Concernant l’affaire de coup d’Etat déjoué, il n’est pas exclu qu’elle soit bien plus crédible que l’opposition à Mahamadou Issoufou n’a bien voulu l’admettre. Il est en effet hasardeux que dans le contexte qui est celui du Niger actuellement, les autorités au pouvoir à Niamey se permettent de parler de Coup d’Etat à des fins purement politiciennes ou électoralistes. Le président Mahamadou Issoufou avait été bien élu et reste d’ailleurs un porte-flambeau démocratique non seulement pour le Niger mais également pour l’Afrique pour songer à donner le mauvais exemple en jouant à ce jeu maintenant.

 

Seini Oumarou, l'actuel chef de l'opposition du Niger.Seini Oumarou, l’actuel chef de l’opposition du Niger.

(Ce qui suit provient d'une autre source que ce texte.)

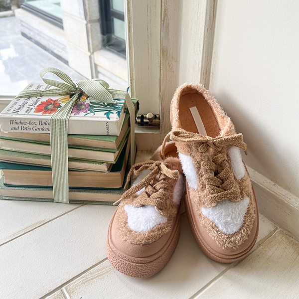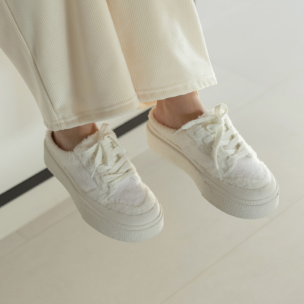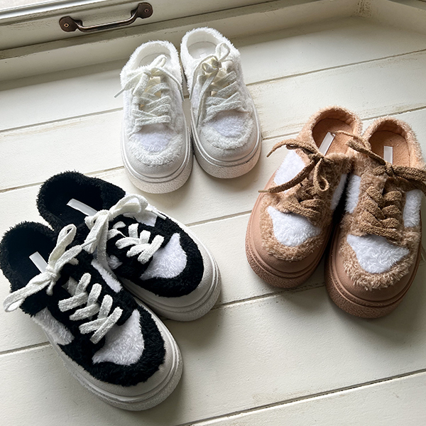 柔软的 毛皮草 厚底鞋 胶底帆布鞋 无后跟板鞋
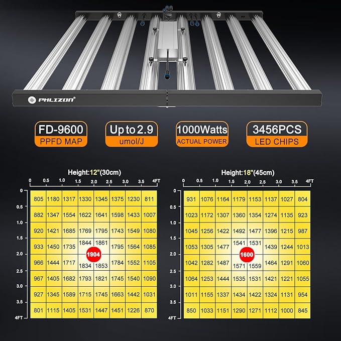 - USED WITH LEDS MAXIMIZE YIELD - The FD9600 series grow light use with LM281B led Chips 3456pcs high efficient SMD leds,boast the market-leading efficiency to 2.9 ยตmol/J and 2.5g yield per wattage with 30% higher Average PPFD, the actual power is 1000 watt.
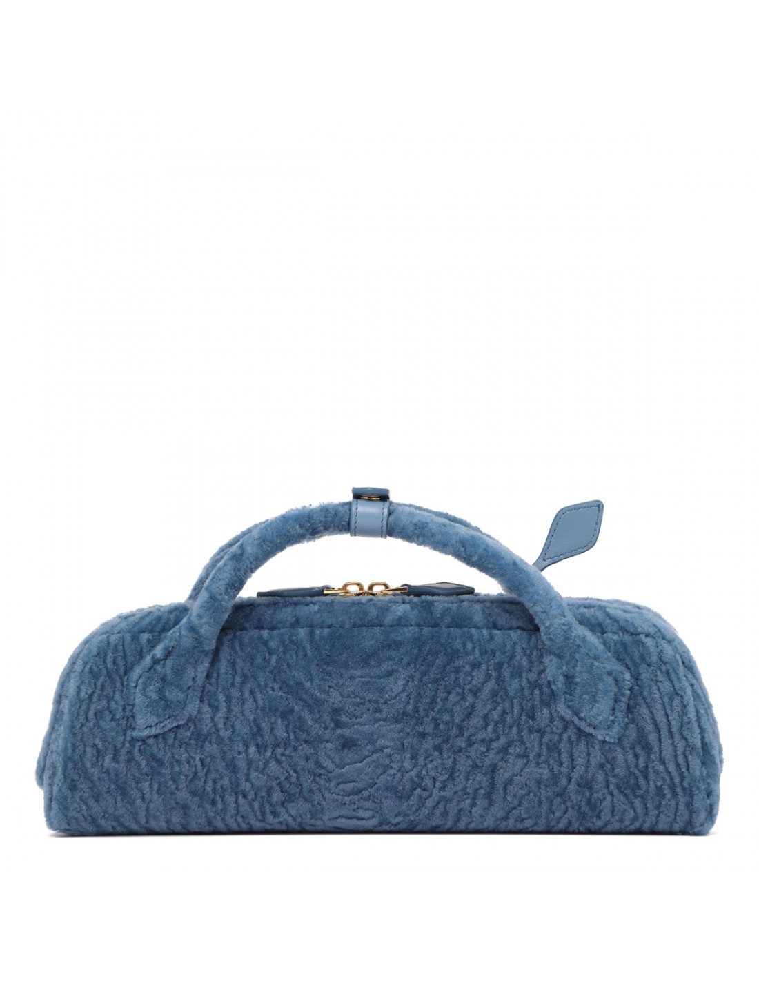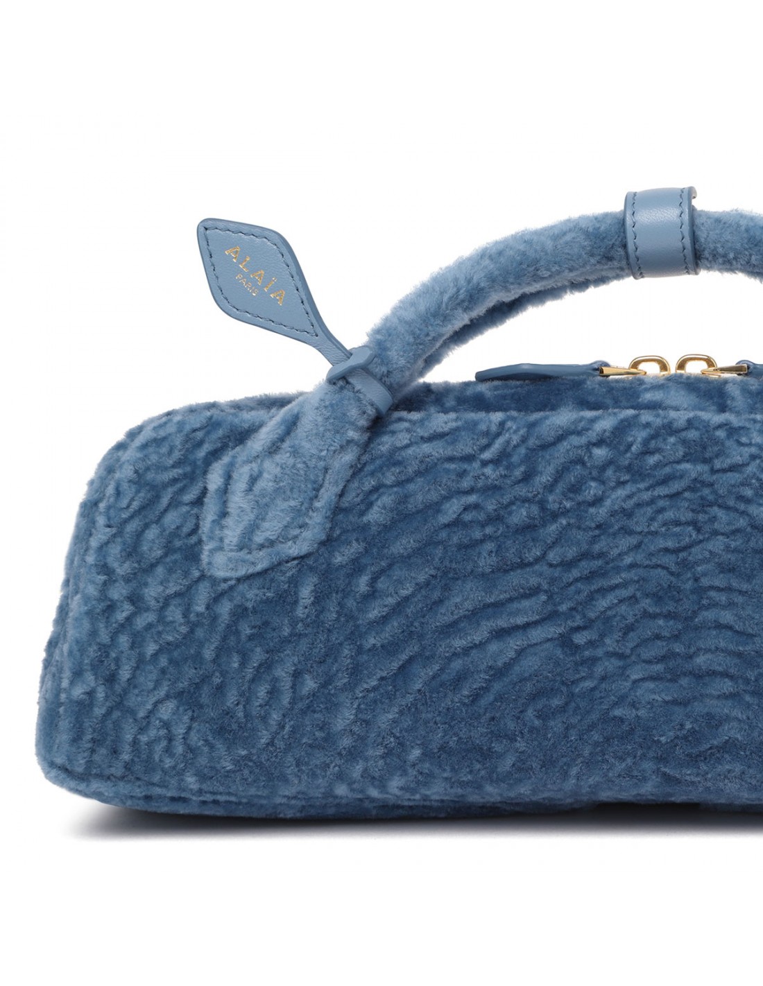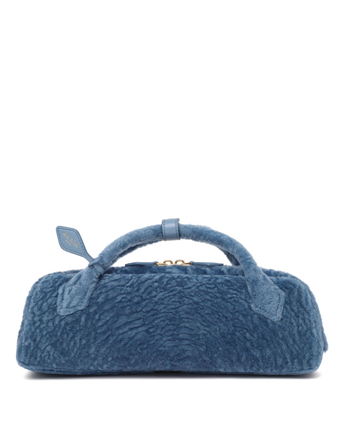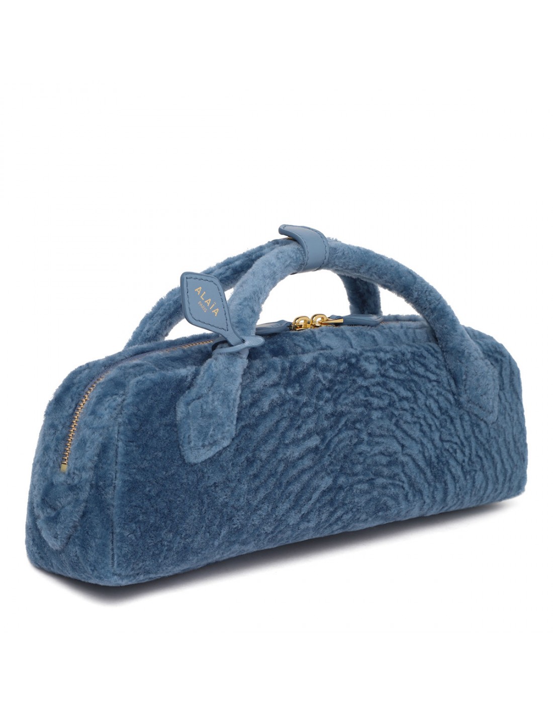 Blue vintage shaved shearling Le Teckel clutch bag from Alaia featuring elongated shape, tubular short handles with decorative ties, double zip fastening, small detachable mirror on internal pocket.

Le Niger de Mahamane Ousmane, Mamadou Tandja, Hama Amadou, Mahamadou Issoufou et bien d’autres est beaucoup plus complexe dans son enchevêtrement sociopolitique qu’on ne le voit de l’étranger ou de l’extérieur. Les coups d’Etat contre feu président Ibrahim Baré Maïnassara et l’ancien président Mamadou Tandja sont intervenus dans des contextes similaires.

 

L’annonce du coup d’Etat déjouée est donc bel et bien une chose à laquelle  les conditions de fin de mandat agitée de Mahamadou Issoufou pouvaient laisser penser. Mais les Nigériens, qu’ils soient militaires ou civils, doivent se résoudre dorénavant à accepter qu’aussi grave soit une situation ou une crise sociopolitique, la solution ne doit plus passer dorénavant par les armes. Et qu’il va devoir trouver ou inventer d’autres moyens ou mécanismes pour sortir des crises même les plus difficiles. Car des crises, il y en aura toujours dans le jeu politique national. D’autant plus que c’est inhérent à l’existence et la nature humaine, même dans les sociétés où le respect des textes et lois est déjà une tradition bien enracinée. Le moins qu’on puisse dire à l’heure actuelle, c’est que l’opposition et le pouvoir au Niger ont du mal à accorder leurs violons quant à la préparation du scrutin présidentiel du 22 février prochain. Toute chose qui n’augure pas d’un climat sociopolitique apaisé. Même après ladite échéance.